The problem was: there was a mole somewhere who’d given him up to the contractors.
He was blown. He was hunted.
Now what does a nice Catholic boy do about that? He hadn’t figured it out yet, but he knew one thing. He’d have to slit some more throats.
UNIDENTIFIED CONTRACTOR TEAM
QALAT OUTSKIRTS
ZABUL PROVINCE
SOUTHEASTERN AFGHANISTAN
1700 HOURS
The city shimmered before them in the afternoon sun. It almost looked like Oz or Mecca or the Baghdad of the many tales, white and dignified, sprawled across the plain under the mountains, except for the fact that it was utterly crappy. It had a skyline that consisted of a few decrepit buildings of the sort that were old fashioned in 1972 when they’d been built, and the rest low-rent ramshackle construction improvisations, none more than a couple of stories high, thrown together more or less on the fly, wherever. Mick and his pals wandered farther, heading downtown.

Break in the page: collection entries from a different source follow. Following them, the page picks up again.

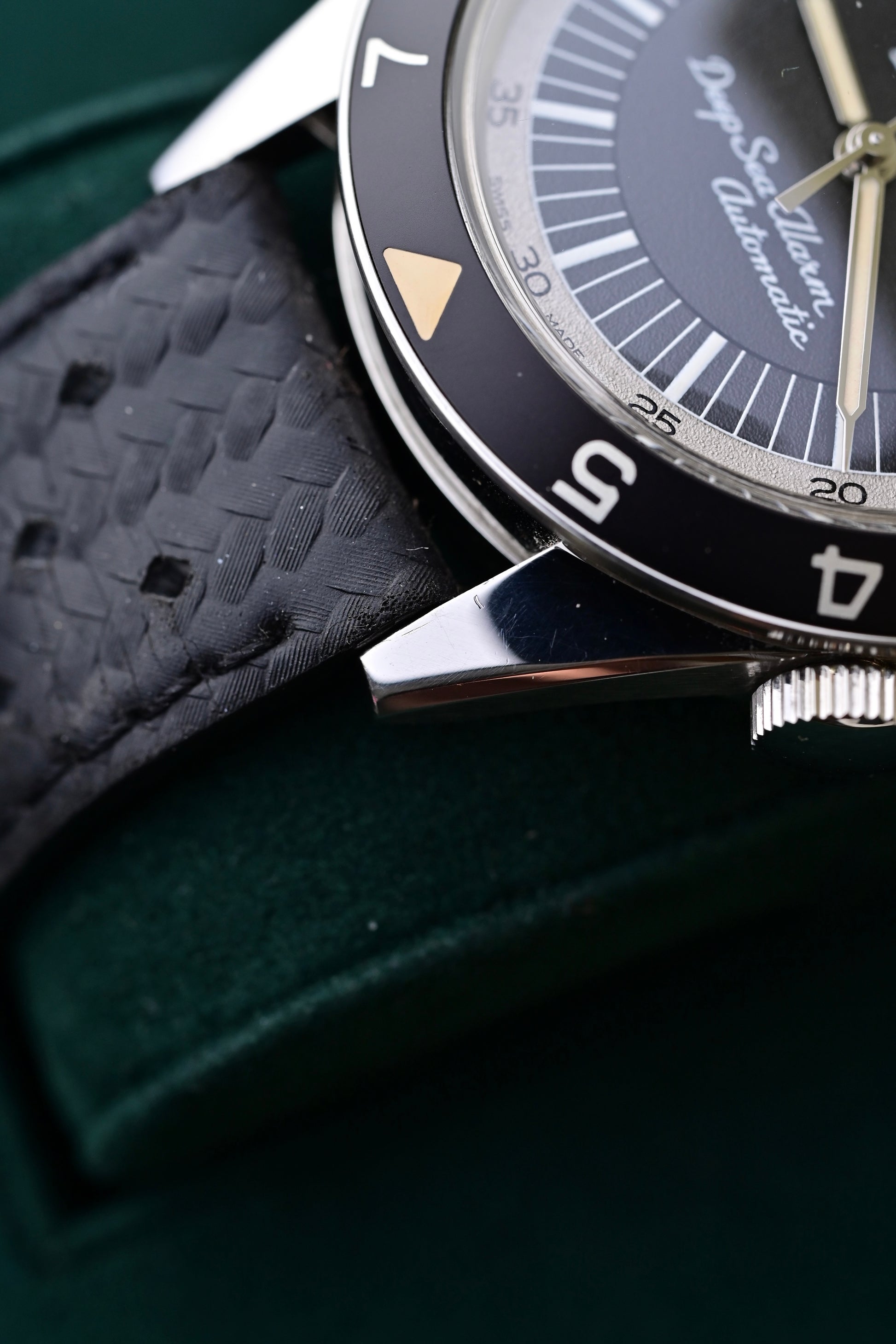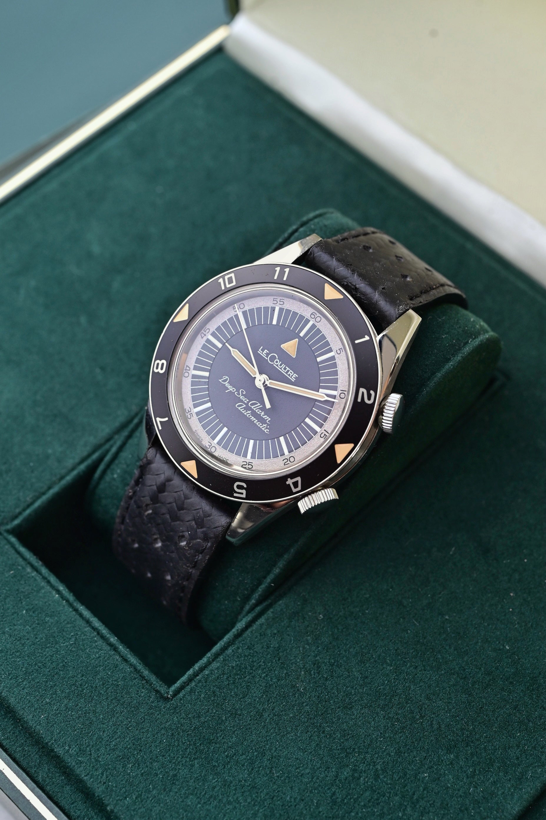 Produite à seulement environ 950 exemplaires entre 1959 et 1961, la Deep Sea originale est aujourd’hui extrêmement rare. Deux versions existaient déjà : une européenne signée Jaeger-LeCoultre, et une américaine estampillée LeCoultre, portant la mention « Deep Sea Alarm ».
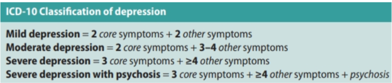 Core symptoms - low mood, lack of energy or anhedonia
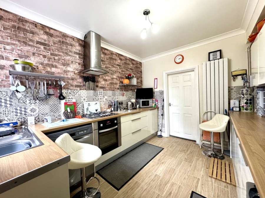 Plumbing for washing machine and worktops, door to rear garden , access to bathroom
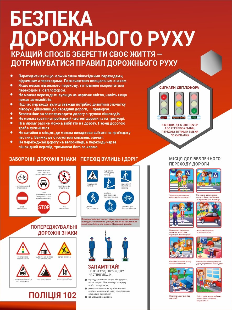 - Основний зміст: Правила безпеки дорожнього руху для пішоходів та водіїв, попереджувальні знаки та інструкції щодо безпечного пересування. Контактний номер поліції 102.
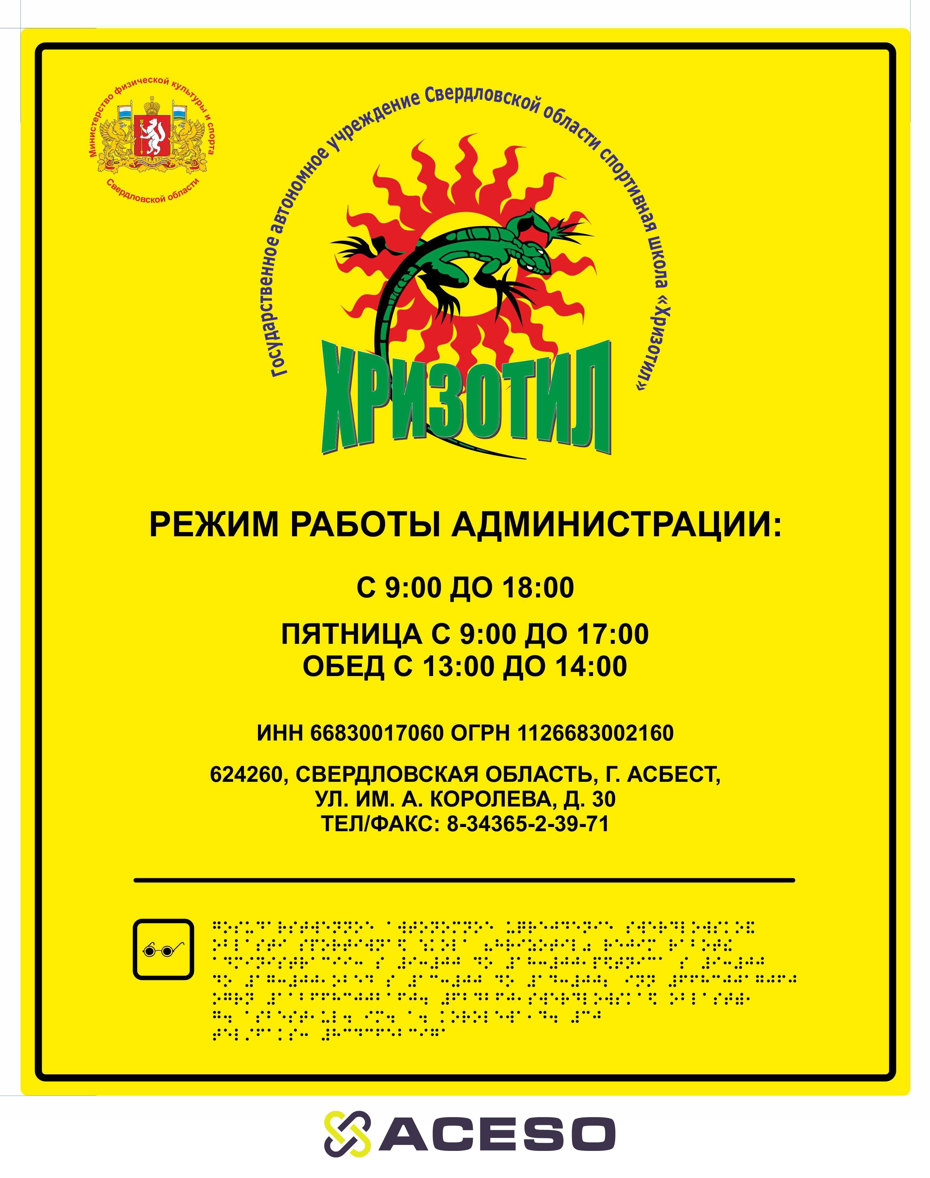 Эта тактильная табличка с режимом работы изготовлена из прочного пластика ПВХ толщиной 3 мм. Она имеет размеры 500х600 мм, что обеспечивает достаточно большую площадь для размещения информации. На табличке созданы тактильные знаки, которые позволяют людям ощущать информацию прикосновением пальцев. Кроме того, текстовая информация на табличке дублируется шрифтом Брайля, что позволяет людям со слабым зрением читать и понимать ее.
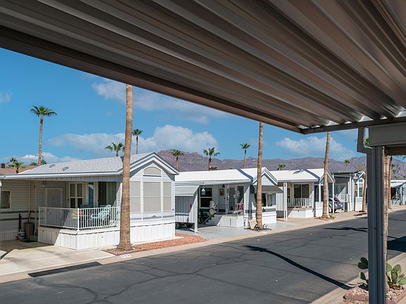 This beautifully maintained home with an Arizona room on the same level as the park model is a must see. Step onto the impressive front tile deck and take in the breathtaking views of the Superstition Mountains! Inside, you'll find updated wood look laminate flooring throughout, dual-pane tinted windows, vaulted ceilings, ceiling fans, and skylights that fill the home with natural light. The kitchen features a spacious front dining area with a table that expands for larger gatherings, plus a wraparound counter with extra cabinets for serving and storage. Appliances include a built-in microwave, RO unit, garbage disposal, dishwasher, pantry, and refrigerator. The Arizona room adds even more living space, complete with a large storage closet, full size washer and dryer, and a second refrigerator.
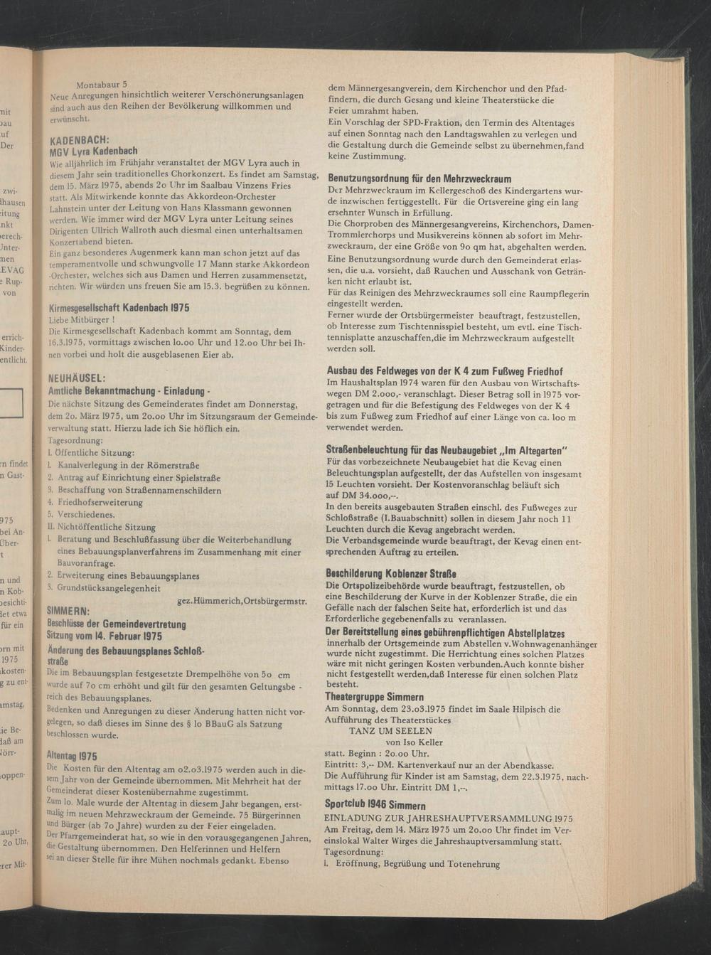 Die nächste Sitzung des Gemeinderates findet am Donnerstag, dem 2o. März 1975, um 2o.oo Uhr im Sitzungsraum der Gemeindeverwaltung statt. Hierzu lade ich Sie höflich ein.

What lay farther along was, to the Western mind, somewhat baffling: a maze of dusty, crowded streets lit up by a riot of color and confusion, Arabic signs amid universal symbols like small Coke bottle signs, a brand of Japanese gasoline, pictures of kabobs, the ubiquitous BankAmericard and MasterCard symbols, Indian teas. Other identifiables amid the clutter consisted of but were not limited to carts, shops, tents selling mostly woven things gaudy with color, pots, guns guaranteed to fire at least fifty times before exploding, kabobs, rice balls, custard, more pots, whatever. The vehicles seemed from 1927, many of them with an odd number of wheels, many painted extravagantly. You could not move in the place without raising a shroud of dust, for less than 2 percent of the roads were paved.
Mick had ditched the ball cap—a long-billed SureFire giveaway for big-time customers in the trade—for his own turban, and by this time, he’d become expert in draping it so his features were obscured. The sunglasses and beard helped, but what helped most was that Qalat
was still tribal, meaning really lawless, and there were enough Westerners about of dubious pedigree that the addition of a few more didn’t set off signals. He didn’t have to pretend to be native, just psycho, not a stretch for him. Plus, he was escorted by two heavily armed Tals, whose glares and do-not-approach hand signals were enough to keep him safe from all but the most insane militia. And there was Mick’s size, impressive, and his body language, which said fuck-not-or-die, and his own AK-47, the Barrett being stashed in the foothills, to be picked up if time and circumstance permitted. Then too he had Tony Z and Crackers the Clown, also festooned with AKs, robes, grenades, daggers, and dust, and those two serious pilgrims amplified the fuck-not-or-die message.
Mick’s ears were still red. Such a reaming he’d gotten. Mr. MacGyver had not been a happy camper, wherever he was, whomever he worked for. Mick winced at the conversation, held at 0730 that morning.
“Make me happy,” the control had said in answering and when Mick merely swallowed, accepting that which was about to be bestowed, his voice box seemed disconnected from his brain. Mr. MacGyver had said, “You bastard. You moron. You idiot. You had his location, the cover of darkness, the advantage in numbers, firepower, ruthlessness, aggression, and experience, and yet he defeated you. Bogier, you were highly recommended but you are a total loss. Where is he?”
This was the part Mick dreaded.
“Qalat. I guess.”
“You guess? You guess?”
Mick laid it out, the trick with the GPS transmitter, the throat-cutting of Mahoud, the night lost in slow approach and final assault, and the fact that if the marine was six or seven hours ahead of them, he was already there or damn near.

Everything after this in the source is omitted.